O anúncio do PSD de admitir a redução do IVA das touradas para a taxa mínima, no Orçamento do Estado de 2025, é um tema que levanta questões, não apenas económicas, mas também éticas e sociais. A tourada, uma prática considerada um símbolo da cultura portuguesa por alguns, tem sido, ao longo dos anos, alvo de crescente contestação por parte da sociedade civil e das organizações de defesa dos direitos dos animais. O que está em jogo, neste momento, não é apenas uma decisão fiscal, mas também uma escolha sobre o tipo de valores que a sociedade quer cultivar para as futuras gerações.
Ao optar por preservar uma prática cultural que perpetua o sofrimento animal, estamos não só a colocar em risco a ética da nossa sociedade, mas também a falhar na educação das novas gerações…
Desde o século XVIII, quando as primeiras corridas de touros começaram a ganhar popularidade, até aos dias de hoje, as touradas têm sido dinamizadas em várias festividades – algumas delas dedicadas a celebrações católicas –, um pouco por todo o país. Para muitos, a tourada é vista como uma expressão de arte, uma parte importante da identidade nacional que merece ser preservada. Contudo, para além dessa vertente cultural, a prática das touradas levanta sérias questões sobre o tratamento dos animais envolvidos. A barbaridade que caracteriza as touradas, com os toureiros, picadores, bandarilheiros ou cavaleiros a cravarem picos, ferros ou bandarilhas no touro, causando-lhe dores agudas e restringindo-lhe os movimentos, levando-os a sangrar em público e, por vezes, a morrer no final do evento, é cada vez mais alvo de críticas de uma sociedade mais consciente do bem-estar animal. A crescente oposição a esta realidade não é apenas apanágio de grupos de defesa dos direitos dos animais, mas também de cidadãos comuns que, ao longo dos anos, passaram a questionar a moralidade de uma prática que envolve o sofrimento de um ser vivo, independentemente do seu estatuto cultural.
A proposta de reduzir o IVA das touradas levanta uma questão crucial: até que ponto as tradições culturais devem prevalecer sobre os direitos dos animais? Ao sinalizar-se que a tourada é um setor digno de benefícios fiscais, estamos, inadvertidamente, a apoiar a perpetuação de uma tradição que se alinha cada vez menos com os valores éticos modernos. A mensagem que essa proposta transmite é contraditória: enquanto lutamos para proteger os direitos dos animais, incentivamos uma atividade que se baseia no sofrimento dos mesmos. Devemos perguntar-nos: estamos dispostos a sacrificar a nossa compaixão em nome de uma herança que não se coaduna mais com as nossas aspirações sociais?

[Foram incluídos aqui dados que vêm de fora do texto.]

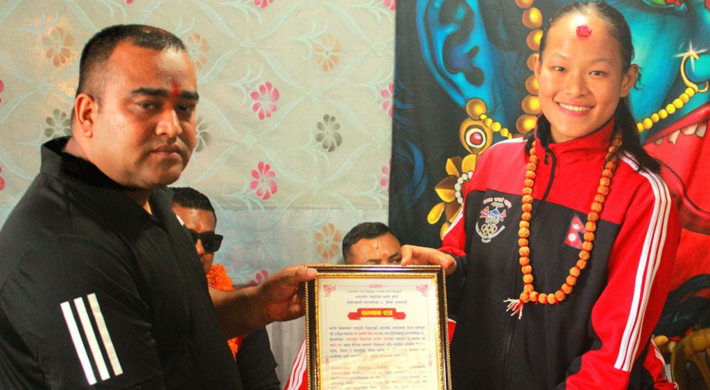 विजयीदशमीको अवसरमा आयोजित शुभकामना आदान प्रदान कार्यक्रममा खेलाडी सम्मानित भएका हुन् । सम्मानित हुनेमा एरिका गुरुङसहित सन्तोष श्रेष्ठ, सविना श्रेष्ठ, वर्षा बुढा मगर, स्वनिम मानन्धर, सानुमाया थिङ, मनीष कार्की, सन्जु देशार, निरुपमा डोङ तामाङ, अन्जली महर्जन, एलोन श्रेष्ठ, मिनबहादुर तामाङ, मोहम्मद शेखु आलम, तेन्जिङ शेर्पा प्रदीप बैजाली मगर, लिजन साउद र एलिशा रास्कोटी मगर हुनुहुन्छ ।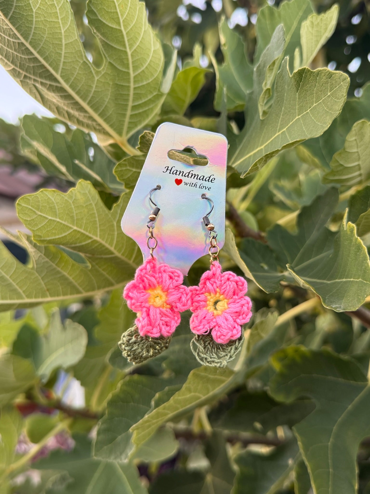 Add a pop of playful charm to your look with these pink flower dangle earrings. Handcrafted with delicate crochet, each petal brings a touch of whimsy and softness. Lightweight and easy to wear, they're perfect for brightening any outfit with a splash of handmade fun.

Os direitos dos animais têm sido reconhecidos em legislações internacionais, como a Declaração Universal dos Direitos dos Animais, adotada pela UNESCO em 1978, que enfatiza a proteção e a respeito aos animais, além de promover a harmonia entre humanos e natureza. Em Portugal, enquanto membro da União Europeia, o compromisso com o bem-estar animal reflete-se, por exemplo, na proibição de práticas como as lutas de cães e o uso de animais selvagens em circos. Contudo, práticas como as touradas persistem, revelando uma resistência cultural em evoluir, o que desafia os valores éticos contemporâneos que priorizam a empatia e o respeito pela vida. Essa mudança de mentalidade, especialmente visível entre a nova geração, mais consciente do sofrimento animal e alinhada com tendências internacionais que rejeitam práticas sem valor educativo, artístico ou cultural, reforça a necessidade de abolir tradições incompatíveis com os princípios éticos e humanos.
Admitir reduzir o IVA das touradas no Orçamento de Estado de 2025 não é apenas uma medida fiscal, mas uma escolha política que também revela determinadas prioridades de um país. Ao optar por preservar uma prática cultural que perpetua o sofrimento animal, estamos a dar mais um contributo para a degradação ética da sociedade atual e também a falhar na educação das novas gerações, no sentido de serem cidadãos verdadeiramente conscientes. A pergunta que fica é: estamos dispostos a sacrificar a compaixão em nome da tradição? Se queremos um futuro onde a empatia e o respeito pela vida sejam os pilares da nossa cultura, é hora de repensar o que valorizamos. O verdadeiro legado que deixaremos não deve ser o eco de gritos numa arena, mas sim a harmonia de uma sociedade que valoriza a vida em todas as suas formas.